“Il cosiddetto processo di Khartoum è un ottimo esempio di dialogo e cooperazione in materia di migrazioni”: lo ha affermato il Commissario UE all’immigrazione Avramopoulos, in Egitto per un incontro con il presidente Al Sisi. Un meeting fissato per discutere come “contrastare l’emergenza e fronteggiare le drammatiche condizioni in cui versano le persone che si imbarcano in viaggi pericolosi, per cercare protezione internazionale o semplicemente provare a avere una vita migliore”. E la strategia prevista dal Commissario UE è tutta volta alla cooperazione con i paesi terzi. Ma cosa significa nei fatti? “Flussi migratori considerati come una materia da trattare in seno alle relazioni internazionali, accordi con dittatori, costruzione con questi governi di collaborazione in tema di regolamentazione dell’emigrazione, creazione di centri d’accoglienza nei paesi di transito”: ecco in sintesi il processo di Khartoum, descritto da Francesca Materozzi in un approfondimento pubblicato su Corriere delle migrazioni, e analizzato in una puntata della trasmissione radiofonica Passpartù (che vi riproponiamo qui).
Di fatto, una totale “esternalizzazione dei controlli di frontiera”, come sottolinea Fulvio Vassallo Paleologo nel blog Diritti e Frontiere. Una misura che potrebbe rivelarsi molto pericolosa per i migranti, che correrebbero il rischio di rimanere confinati in paesi con sistemi politici instabili – quando non governati direttamente da dittature -, in cui il rispetto dei diritti umani appare molto dubbio: sono moltissime infatti le testimonianze in cui i profughi raccontano di torture, privazione della libertà, sfruttamento. Pratiche subite nei paesi terzi con cui l’Ue prevede una cooperazione in materia migratoria, come la Libia, il Marocco, e anche l’Egitto stesso.
Proprio l’ambasciatore libico in rappresentanza del governo di Tobruk, Ezzedine Al Awami, due giorni fa a Palermo per un incontro con il sindaco della città e presidente di AnciSicilia Leoluca Orlando, ha lanciato un appello all’Unione europea affinché “modifichi la normativa in modo che le pene per coloro che sfruttano la disperazione dei migranti siano le stesse previste per i terroristi”. Nessun accenno ai moltissimi migranti chiusi nelle carceri libiche, così come durante l’incontro a Il Cairo non è stato fatto alcun riferimento alle condizioni in cui vengono trattenuti i profughi.
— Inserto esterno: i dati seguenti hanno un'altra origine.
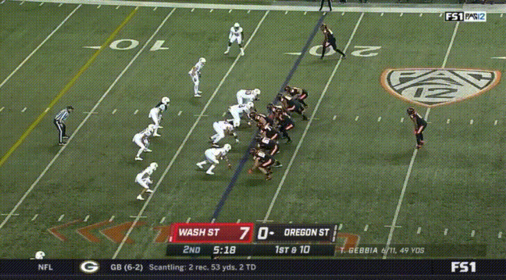 OSU has been taking advantage of a short passing game, and so I don’t really have any highlights of Gebbia, since there aren’t many examples of him taking shots down the field, nor are there many clips of him making throws in tight windows. OSU has been playing it safe through the air, and mainly gaining yards on the ground.

L’incontro tra Avramopoulos e Al Sisi si è focalizzato sulla cooperazione tra l’Unione europea e i paesi terzi, “in particolare l’Egitto”, sulla “prevenzione dell’immigrazione irregolare”, sulla “lotta ai trafficanti” e sul “contrasto del terrorismo jihadista”. “Ma l’UE e i nostri vicini non pensano solo alla prevenzione dell’immigrazione irregolare. Vogliamo discutere della mobilità, della necessità di garantire protezione internazionale, e anche di come creare più possibilità per la migrazione legale e lavorativa”, ha affermato Avramopoulos. Ma nella pratica le uniche azioni previste sono “la lotta ai trafficanti di esseri umani”. “Progetti futuri potrebbero essere previsti su altre tematiche, come la migrazione legale e la protezione”, ha dichiarato Avramopoulos. Lasciando ancora una volta le istanze più urgenti nell’alveo del condizionale.